Tuesday 31 July 2012

Day Ten

Another day with nothing to say so I thought I would grab a picture (from the prettiest tumblr in the world owned by my lovely friend Charlie) and tell you the story behind it. For some reason this picture grasped my attention because I can imagine the person in it being pensive and it would be nice for my dear readers to know what she is thinking.  






I was shrouded in the scent of old books the second I set foot into the book shop, head ducked, watching my scuffed shoes carry my feet forward for me. In the distance between what was occurring in my head and reality I could hear wisps of the voices of the book shop owners tickling at my mind. I shook them away, the wispy voices crumbling into dust in my head as Mr and Mrs Jones frowned at me and turned back to the piles of books they were sifting through. I picked my way through the stacks of books which were blocking my way; even physical things were closing in on me. I bit back tears.


I reached the coffee shop which was joint to the book shop, the fragrance of strong coffee glazing the scent of old books with another layer of hazy smoke, too sweet, too sickening, I couldn't breathe. Usually those smells would calm me, but I was wrapped up in everything that had happened over the past few days. I was choking on it all.


I ordered a cup of tea; a cup of tea is strong and steady. It is controlled by the person who brews it. Control, exactly what I needed right now. I shakily went about my ritual, brewing the tea for exactly three and a half minutes before removing the tea bag and watching as the swirling flavours crowded the cup; they seemed flustered, confused and lost. I noticed this and hastily stirred the tea until it was calm and quiet once more.

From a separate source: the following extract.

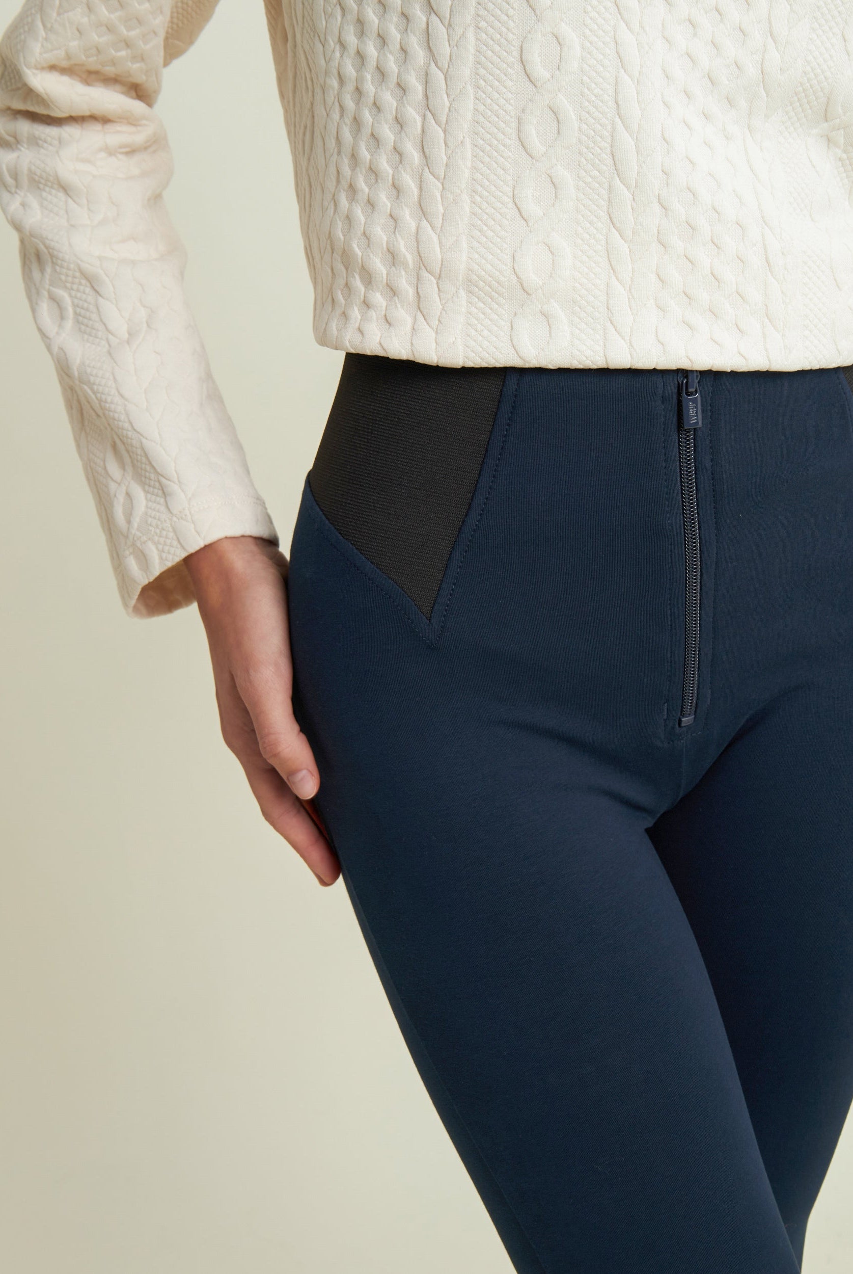 Hosen in Denim-Optik kombinieren den Stil von Push up Jeans mit dem Komfort von Leggings. Unsere Denims sitzen wirklich wie eine zweite Haut und betonen dabei deine natürlichen Kurven. Obwohl diese Jeggings wie echte Jeans aussehen, sind sie extrem elastisch und genauso bequem wie deine Lieblingsleggings. Dank des Silikonbundes an der Taille rutscht die Hose nicht, und du brauchst keinen Gürtel. Eine Jeanshose ist eine echte Alleskönnerin, die du immer und überall tragen kannst. Wir bieten unsere Denims in zahlreichen Farben und mit unterschiedlichen Details, so dass du genau den perfekten Style für dich findest. Ob in voller Beinlänge oder Knöchellänge, mit hoher oder niedriger Leibhöhe, Freddys sitzen immer perfekt!

I then gently poured in the milk, the smooth, lulling fluidity of the liquid as it poured into the tea gave me a moment to breathe. The tea was complete, and as I blew away the steam which was pirouetting from it I felt relaxed for the first moment in a long while.

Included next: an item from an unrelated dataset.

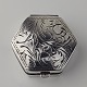 Beskrivelse: Sekskantet pilleæske i sterling sølv med indgraveret bladmotiv

I forgot about my dad, the car crash, my mother's spiraling depression, my uncle's abuse. I covered the bruises on my wrist with my sleeves and kissed them quickly through the fabric. Everything would be okay. I would be fine. I had a long cup of tea to mull things over and I could lose myself in a book or two. Reality slowly flooded away completely and my mind felt like a tranquil place. I'd look after myself now.


I have no idea what that was but there you go, that's the story of the girl in the picture.


I'm tired now, sorry this was left so late and is so awful and short. Good night, sweet reader.